In standing my ground I signed a little contract with fine clauses I did not want to read then or ever. I kissed Patricia Hod, and she was kissing me, with ink.

I did not fripper it up.

There is central air conditioning and there is another air, not central, not conditioned. I was resting easy in it, deigning not fripper.

26

AND WHAT OF MY MOTHER? What of the Doctor who bade me become seer and sayer and has had to content herself so far with a visionless architect shacked up with his cousin? She does not disapprove. She does not despair. Potato salad comes to mind.

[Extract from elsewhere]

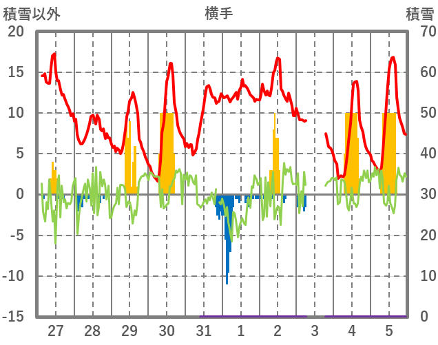 | 日 | 時 | 気温 | 降水 | 風向/風速 | 日照 | 積雪 | 降雪 |
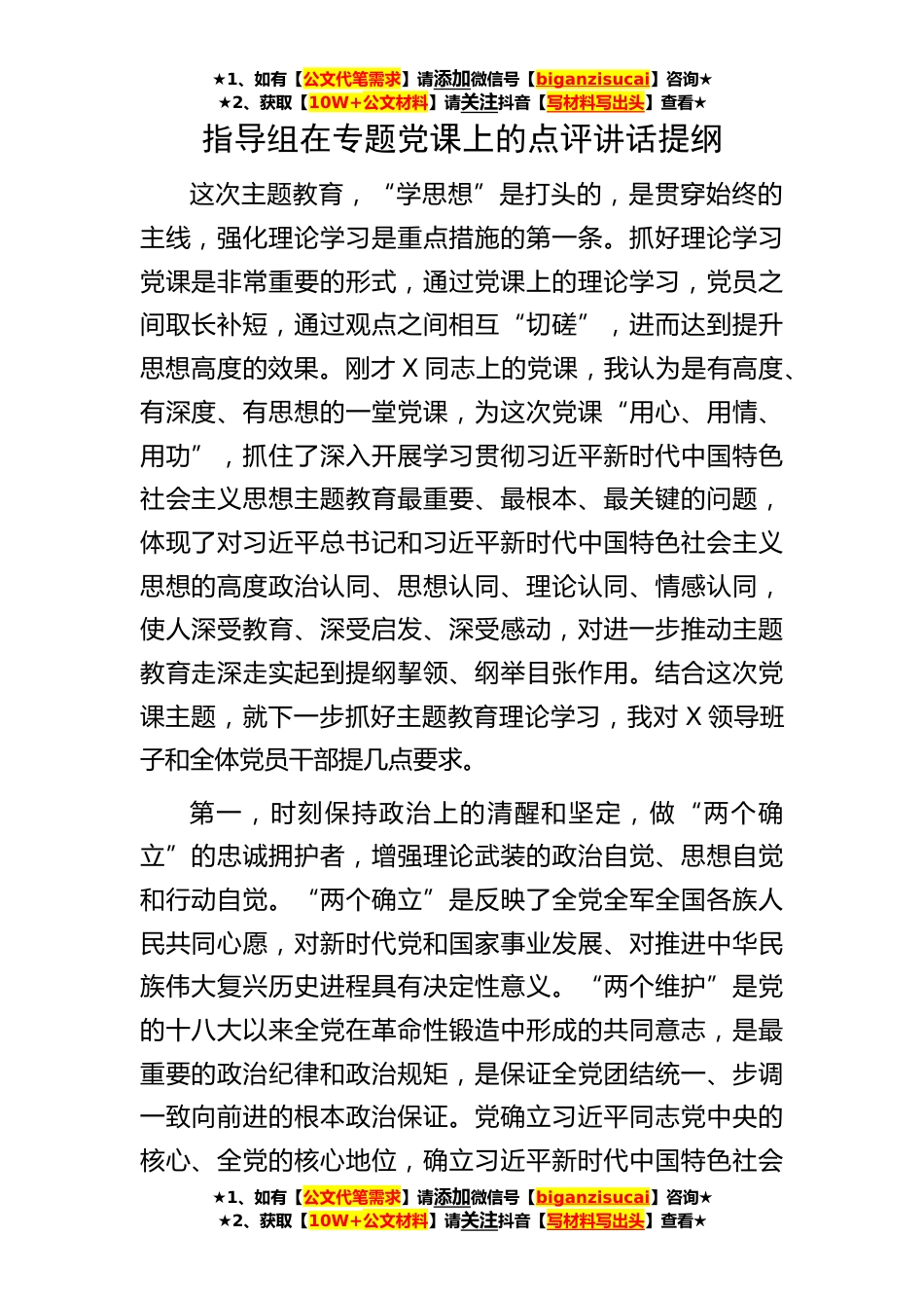 ★1、如有【公文代笔需求】请添加微信号【biganzisucai】咨询★★2、获取【10W+公文材料】请关注抖音【写材料写出头】查看★★1、如有【公文代笔需求】请添加微信号【biganzisucai】咨询★★2、获取【10W+公文材料】请关注抖音【写材料写出头】查看★★1、如有【公文代笔需求】请添加微信号【biganzisucai】咨询★★2、获取【10W+公文材料】请关注抖音【写材料写出头】查看★指导组在专题党课上的点评讲话提纲这次主题教育,“学思想”是打头的,是贯穿始终的主线,强化理论学习是重点措施的第一条。抓好理论学习党课是非常重要的形式,通过党课上的理论学习,党员之间取长补短,通过观点之间相互“切磋”,进而达到提升思想高度的效果。刚才X同志上的党课,我认为是有高度、有深度、有思想的一堂党课,为这次党课...

My mother, the Doctor, is capable of a kind of iconic metonymy that will steer her, and you, if you allow it, through the complex dance of despairing, fretting, bourgeois others about you. If you can have metonymy when those about you are losing theirs, she implies, you’ll be a man. She does this not infrequently with food. In a case I am thinking of recently, it was potato salad.

There was a family reunion of sorts scheduled — unique in this our fractured dissolute clan. There has not been an earnest reunion under that name that purported to include all living members of this kennel since a time I vaguely recall that included, among other things, some beer bottles left in a freezer too long, resulting in frozen ropes of beer and glass that resembled small intestines, with children playing with the intestines and adults cussing and others laughing and those cussing going to Jake’s and those laughing continuing to laugh and the children getting cut as they were warned not to. That was a long time ago. There was a snake shot on the beach during that convocation, as I recall. Snakes now know the health hazards of appearing on the open beach. There has most certainly not been a reunion that included our upland lessers — Winn and Sasa and Patricia Hod, among others — since then.

But lo! Patricia Hod was already, like the Yankees torturing our boys during the Wawer, down heah, so someone called the question. A reunion. An unheard-of reunion that just happened to tacitly acknowledge that the uplander clan we should include was already present in a vigorous and apparently lasting knot of first-rate consenting incest. “Potato salad,” my mother gets on the phone from Hilton Head to say. “You do that. I’ll do that. And Sasa will do that. Then, well, we have it.”